I tried to raise two third-culture kids. I failed, but I think this is a good thing.
When I grew up my family did a lot of traveling. My father worked for Delta, so flying was normal life. By seven, I was allowed to travel solo to visit relatives. By the time I reached double digits I had memorized the security codes for the “Authorized Personal Only” airport doors in Dallas, Denver, Cincinnati, and Atlanta. I knew where I could get cheap food and a nap while waiting for a flight under the normal airport. I had been to all 50 states by the time I was a teenager and I had been to Europe numerous times. My father constantly pushed us out of our comfort zones and I was equally comfortable building a log cabin in the North Georgia mountains with a toothless 70 year-old mountain man as I was choosing the proper fork at a the Cincinnati country club. Okay, maybe I was a little more comfortable in the mountains.
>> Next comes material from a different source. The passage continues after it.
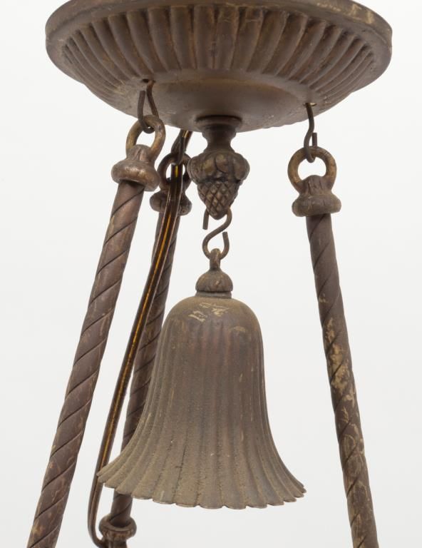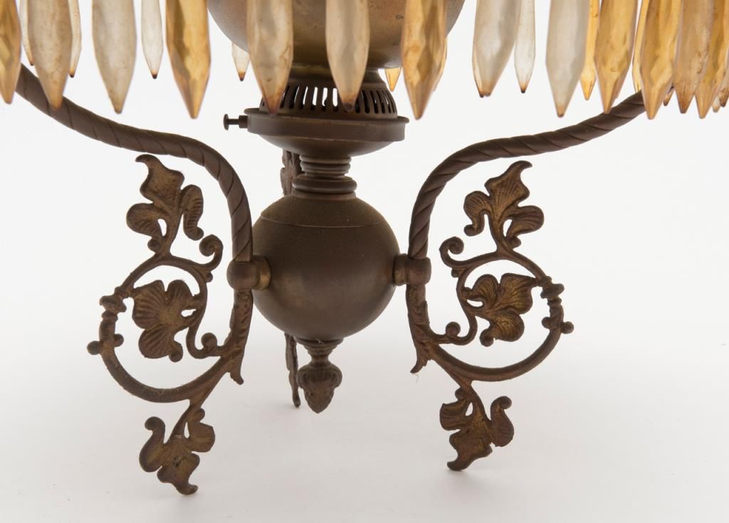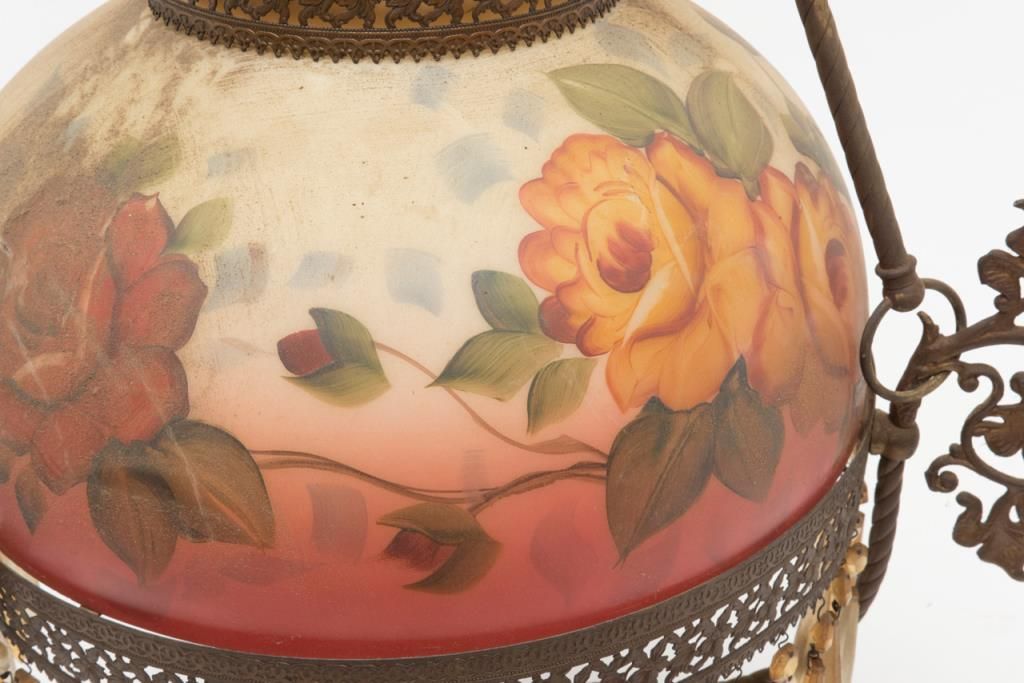 Authentic antique parlor type hanging lamp converted from kerosene to old electricity with fancy brass mounts and shade painted with roses. The lamp is very dirty as is the shade from storage but complete and would clean and restorenicely. Do not use before rewiring. Est.: $175-$350
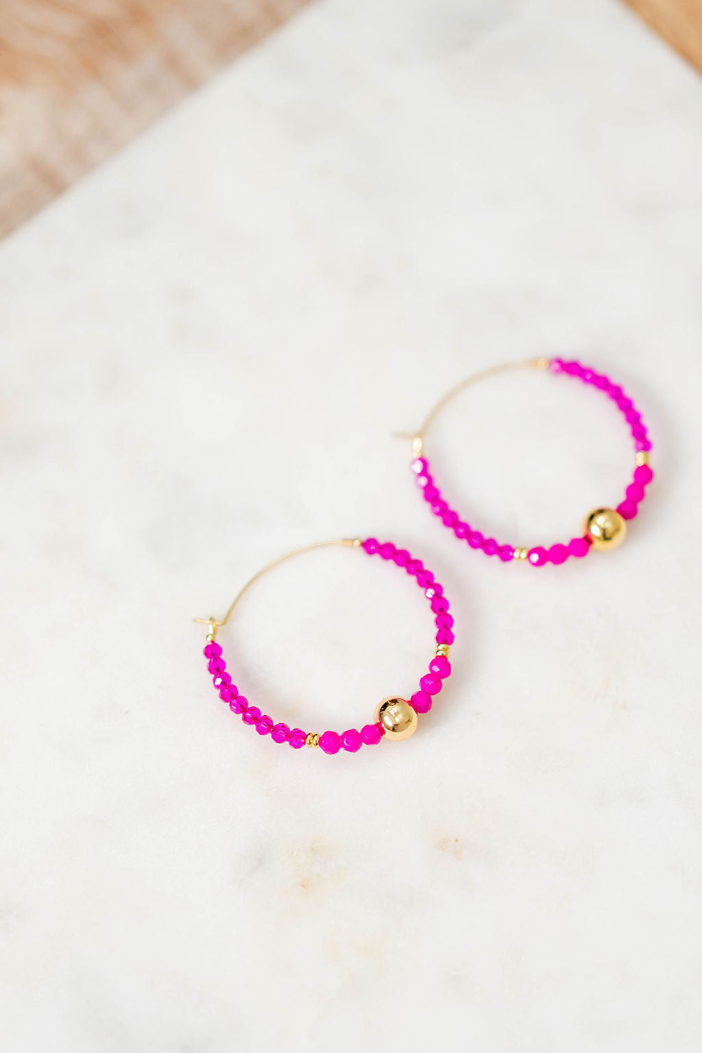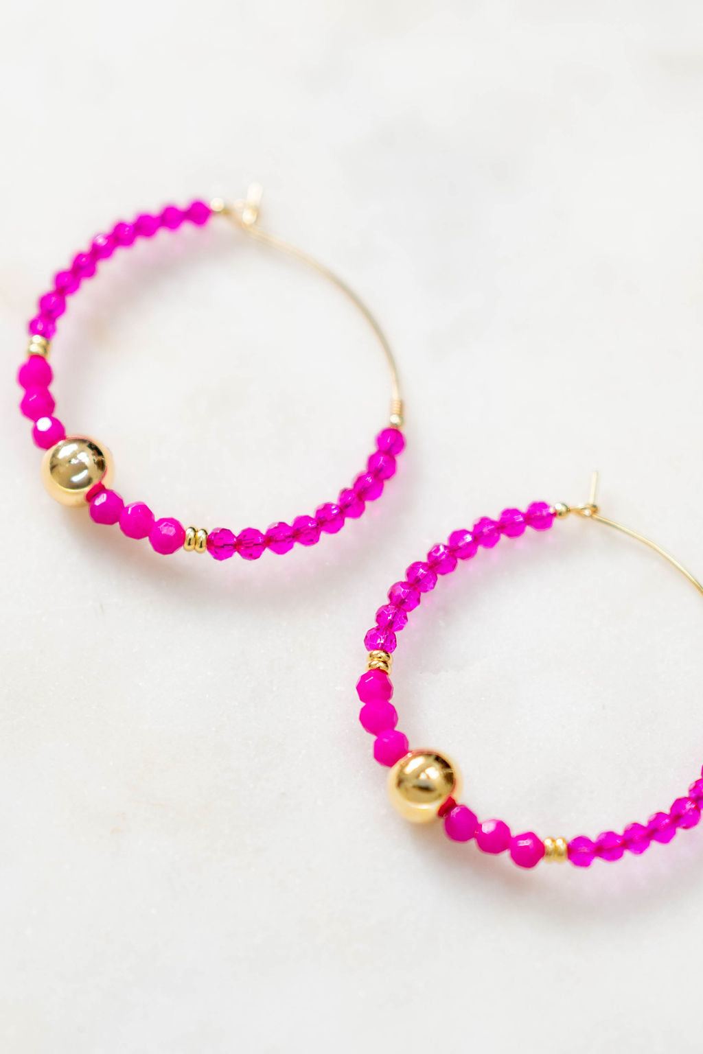 Bright fuchsia beads meet sleek gold accents in a hoop that’s equal parts playful and chic. Whether you’re headed to brunch with the girls or dancing all night, these earrings bring the main character energy.

Despite this upbringing, I found myself married and working as a realtor raising two children in a small town with a white picket fence. Ughhh! I saw my kids growing up in complete homogeny and it drove me crazy.
Something had to change.
So I convinced my wife to move the family to Panamá for 9 months to stir things up a little bit. I needed the kids to get more exposure than a little mountain town had to offer.
After much arranging, we moved to Panamá with nothing more than eight checked bags and a dog. When we got there, the home we were supposed to live in was not ready. There was no power and the pool was green. It took us months just to get basic furniture and essentials into the house. All the while trying to raise two small children.